The World Beyond BetterMost > Anything Goes
Kerry's Komedy Klub
dot-matrix:
::) 8) ::)
fritzkep:
"Birdie, birdie in the sky,
Why'd you do that in my eye?"
dot-matrix:
Huntin' Bears
Frank was excited about his new rifle. So, he went bear hunting. He spotted a small brown bear and shot it. There was then a tap on his shoulder, and he turned round to see a big black bear.
The black bear said "You've got two choices. I either maul you to death or we have sex."
Frank decided to bend over. Even though he felt sore for two weeks, Frank soon recovered and vowed revenge. He headed out on another trip where he found the black bear and shot it. There was another tap on his shoulder. This time a huge grizzly bear stood right next to him.
The grizzly said "That was a huge mistake, Frank. You've got two choices. Either I maul you to death or we'll have rough sex."

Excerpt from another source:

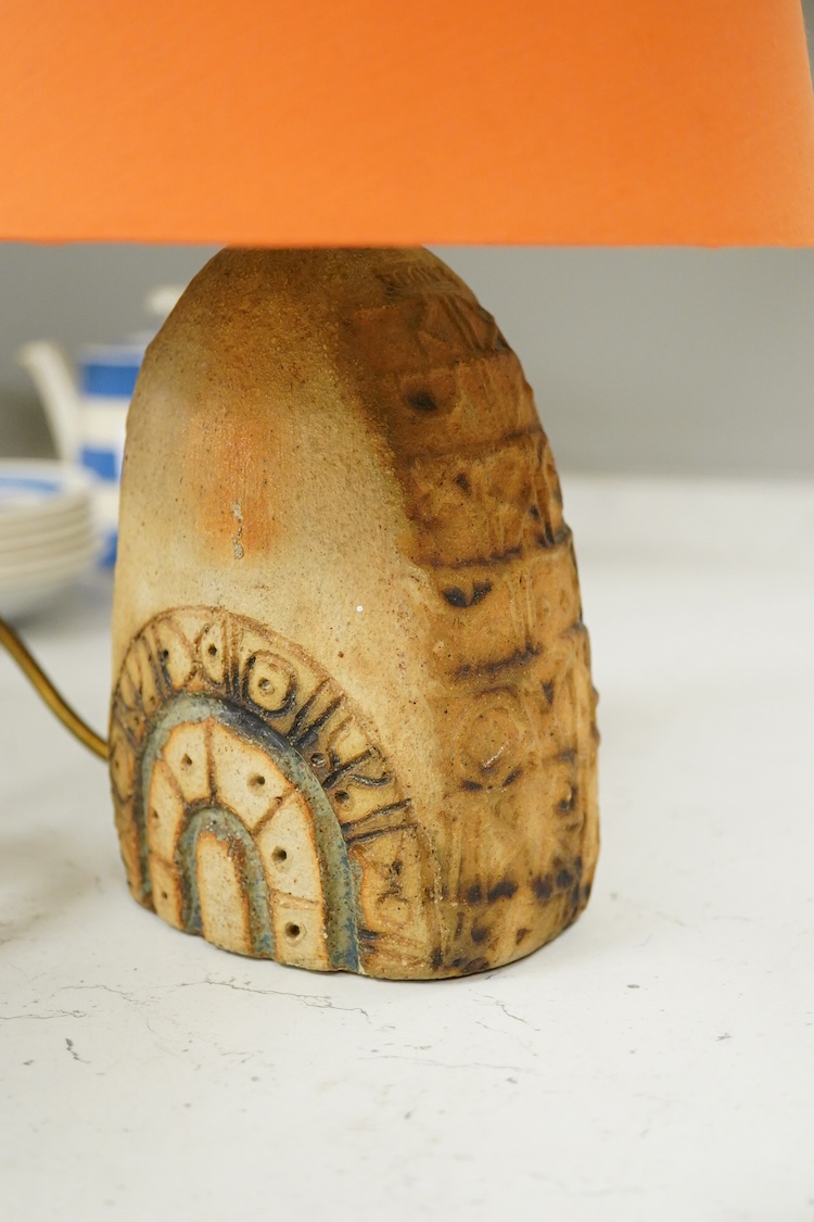 Lot 1311 , Bernard Rooke, a small studio pottery lamp with incised decoration and shade, 26cm high

Again, Frank thought it was better to comply. Although he survived, it would take several months before Frank finally recovered.
Outraged he headed back to the woods, managed to track down the grizzly and shot it. He felt sweet revenge, but then there was a tap on his shoulder.
He turned round to find a giant polar bear standing there. The polar bear said "Admit it, Frank, you don't come here for the hunting, do you?"
dot-matrix:
A nun catches a ride in a taxi. As the taxi is going along, the nun notices that the cab driver keeps looking at her in the rearview mirror.
She says, "What is it my son?"
The cabbie replies, "Oh, I'm too embarrassed to say, sister."
She says, "Please, feel free to say anything, I've been a nun for many years and not too many things surprise me anymore."
The cabbie says, "Well, I've always had this fantasy of getting a blow job from a nun. I'm sorry sister, I feel so ashamed."
"That's OK my son, I know well the needs of the flesh. I will do it on two conditions: one, that you are Catholic and two, that you are not married."
The cabbie says, "Yes on both conditions!" So they drive around the corner to a spot where the nun takes care of the cabbie.
As they continue on their way, the nun notices the cabbie is crying.
She says, "What's wrong, my son?"
He says, "Sister, I lied. I'm Jewish and I'm married!"
She says, "That's okay. My name's Steve and I'm on my way to a costume party!"
:o So Busted
dot-matrix:
Top Ten Jerry Falwell Pet Peeves About TV
10. Angels Shouldn't Go Around "Touching" Anyone
9. Mister Rogers' sissy loafers.
8. "Zoe, Duncan, Jack and Jane" are lesbian, gay, gay and lesbian.
7. Bastards at MTV didn't even look at my "Road Rules" audition tape.
6. If you don't pay the bill on time, Playboy channel gets all fuzzy.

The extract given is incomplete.